The most common components have already been translated and reside in the sym* folders. You can tweak them as you like to produce the output you desire.

  • the sym32a folder is the preferred translation style and contains the largest symbol collection. It produces nice coordinates but uses a scale of 0.666666 to achieve pleasant optics. With this style, nmos, pmos transistors are shifted so that the gate pin lies on the schematic grid.
  • the sym32b folder uses the same nice coordinates and a scale of 0.66666, but scales the nmos, pmos transistors so that their gate become on-grid. For consistency, pnp, npn transistors are scaled in the same way. Therefore the transistors in this style appear a bit large compared to resistors and other bipoles. Use this style if you like to avoid shifted transistors. You may copy many missing symbols from the sym32a style as you see fit. Do not forget to adapt the transistors.

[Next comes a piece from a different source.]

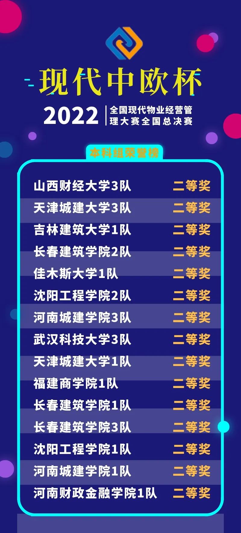 經(jīng)過線上競賽的激烈比拼,2022年“現(xiàn)代中歐杯”全國現(xiàn)代物業(yè)經(jīng)營管理大賽全國總決賽獲獎(jiǎng)名單揭曉。

  • the sym48 folder uses all components as close to their default sizes as possible. Unfortunately, this means that many coordinates become 1/3 or 1/6 so that they are rather ugly. Transistors are shifted to make their gates on-grid. This style is visually very close to sym32a, but produces ugly coordinates. On the other hand, it doesn't need a scale value other than 1. It is considered legacy and is not maintained any more.